Barger began emerging from Antonovich’s big shadow over a year ago as the supervisor who was elected in 1980 prepared to be termed out of office. Endorsing Barger for his seat was part of his preparation.

During her campaign we learned Barger has been Antonovich’s behind-the-scenes answer to thorny regional problems like the dispute last year between the Santa Clarita Valley Sanitation District and Stevenson Ranch residents over a proposed deep well injection site on the West Side of the valley.

She was effective; she knew local issues; she has demonstrated strong leadership skills and, while she’s a conservative, she’s less conservative than her boss.

The other name on the ballot to govern a district of some 2 million people in a county that manages a budget of $28.7 billion is Darrell Park, who served in the White House Office of Management and Budget under two presidents.

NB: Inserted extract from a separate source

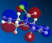 Therefore the more favoured alkene in 12 is the endo alkene, since the HOMO shows an significant amount of electron density across the syn double bond. As mentioned above, it is the electrons from the HOMO that determines the alkene's reactivity, via the donation into the electrophile's LUMO. Further probe into the LUMO of dichlorocarbene (the electrophile) provides insight into the symmetry of this orbital (Fig. 1.2.3) - a symmetry that matches that of the endo alkene HOMO along the plane of the ring (assuming it is also the plane of approach in the reaction).
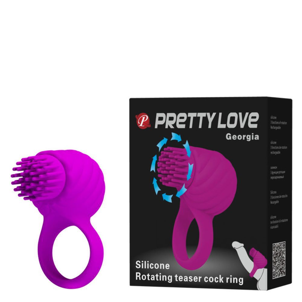 Pretty Love Georgia - Anel Peniano confeccionado em silicone soft touch, o material mais nobre do mercado erótico, é flexível e pode ser ajustado para qualquer tamanho de pênis. Em sua parte superior, possui saliências em formato de cerdas que estimulam com eficiência a região do clitóris durante a penetração, 3 modos de rotação, resistência à água e recarregável via USB. Conta ainda com um único botão no topo do estimulador responsável por ligar e desligar a rotação. Perfeito para descoberta de novos prazeres!

He holds a graduate degree in public policy from Georgetown University and is an advocate for clean energy, having published a book called “Better Than We Found It: Simple Solutions to Some of the World’s Toughest Problems.”

Park offers a sweeping and what he calls progressive vision of change to everything from foster care to trash disposal. During a Signal Editorial Board meeting he shrugged off a request for details, saying when he puts them up on his website his campaign staff takes them down.

One wonders how well his lofty and, frankly, seemingly unfocused goals will fare when they collide with the immovable bulwark of county bureaucracy.

Park is also quick to push partisanship to the forefront, although he made a great show of bipartisanship during a Signal Multimedia and College of the Canyons summertime debate (which can be found on The Signal’s YouTube channel).

The race is nonpartisan; you won’t find a big R or D next to either candidate’s name on the ballot. We believe there’s a reason government founders establish nonpartisan offices: when determining whether to build roads, preserve storm water or approve new developments, partisanship has no place at the table.

But Park is running hard on partisanship, branding his campaign with the logo “Darrell Park Democrat for Supervisor.”

One should consider the balance on the Board of Supervisors if such a partisan Democrat should be elected to the traditionally conservative Fifth District seat.

Just five elected officials govern Los Angeles County’s 10 million people. Considering the disparity among the voters who put them in office, they’ve struck a remarkable balance for years, aligning conservative to liberal as nonpartisan district interests mesh.

Antonovich has shown himself a master of that dance while consistently representing conservative interests. Tilting the board’s balance too far either direction might result in the kind of partisan gridlock seen in Washington.

Barger has learned from her experienced boss and we believe she is ready to exercise the diplomacy necessary to maintain the Board of Supervisors’ functionality.

Vote Kathryn Barger for Board of Supervisors.